“For, like, singing into?” Silas asked.
“No,” said Tesla. “For, like, spying with.”
Hiroko had questions about where the mini-microphone had come from. Even if the kids had answers, though, it was obvious Tesla wouldn’t share them.
“It’s just something we found,” she said. “You know how our uncle’s place is. Weird gizmos everywhere.”
A crash and a curse came from the back corner of the store.
“Uh-oh—sounds like Blaine needs you again,” Tesla said. “Thanks, Hiroko! See ya later!”
She spun on her heel and hustled from the store, the boys following right behind her.
“Do you think she was right about the microphone?” DeMarco asked when they were outside.
“Hiroko used to build robots for NASA,” Tesla said. “So, yeah, I think she knows what she’s talking about.”
“Why didn’t you tell her the truth about where you got it?”
“Because—”
“This isn’t her problem to solve,” Nick cut in. “Now let’s … oops.”
He plucked the mini-microphone from his sister’s hand, dropped it to the sidewalk, and stepped on it.
It crunched and crackled under Nick’s foot.
“Hey!” said Tesla.
“Wasn’t that evidence or something?” said DeMarco.
“Awww,” said Silas. “Why didn’t you let me stomp on it?”
Nick lifted his foot to make sure the little black square was now a bunch of little black bits.
“There was no reason to think that microphone wasn’t still working,” he said. “Whatever our next move is, we probably shouldn’t tell the spy. Right?”
“Good point,” said Tesla. She gazed wistfully at the shattered plastic and pulverized electronics components at their feet. “I think we could’ve come up with a more subtle way to handle that, though.”

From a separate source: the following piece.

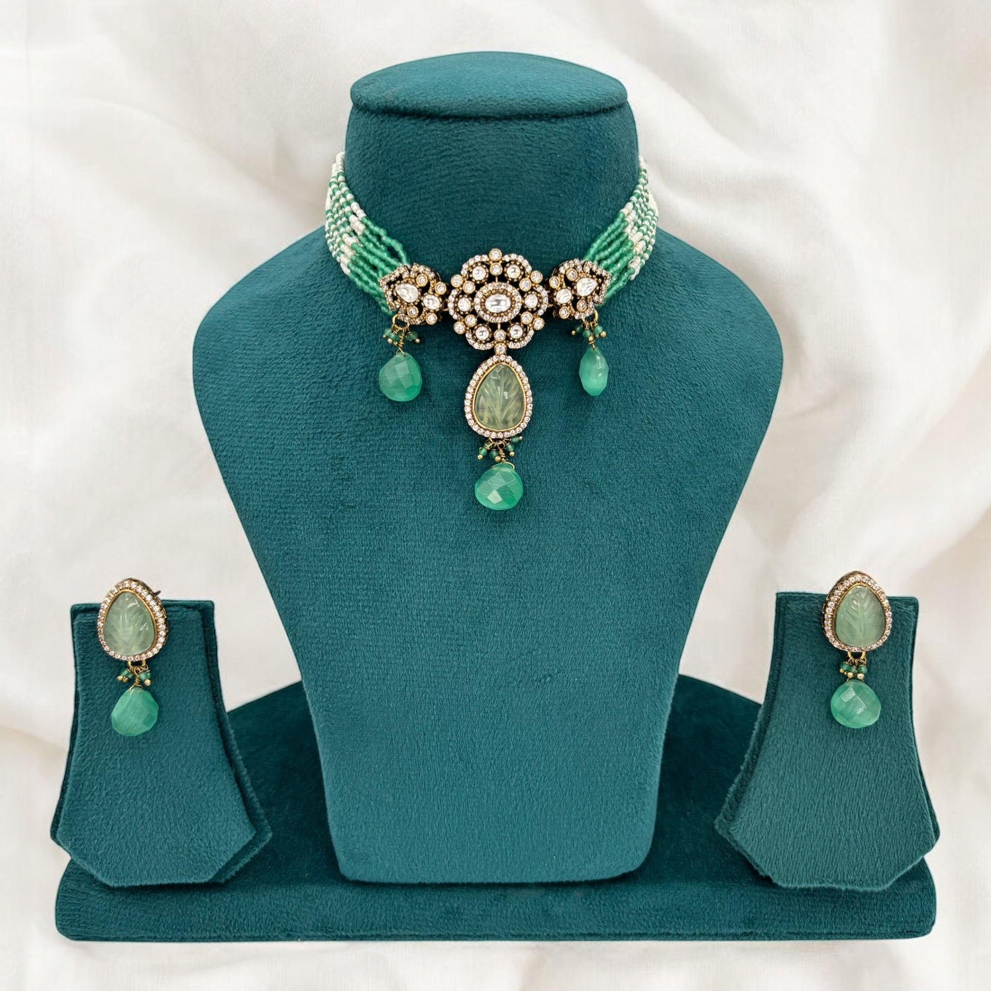 Pastel green moissanite choker set

Nick shrugged, looking a bit chagrined. “I thought fast was more important than subtle. And hopefully we already have all the evidence we need anyway. Speaking of which …”
Tesla brightened.
“Right,” she said. “Let’s go see what our enemy looks like.”
“Ahh—there you are!” Lon Beetner said when the kids walked back into Beetner’s Cameratown and Stuff-Yourself Teddy Bear Workshop. He held up a small stack of pictures. “Just finished up. I took the liberty of printing everything on 8-by-12 glossy paper. More fun for me that way, and some of the shots you got out of that dinky little camera actually turned out great.”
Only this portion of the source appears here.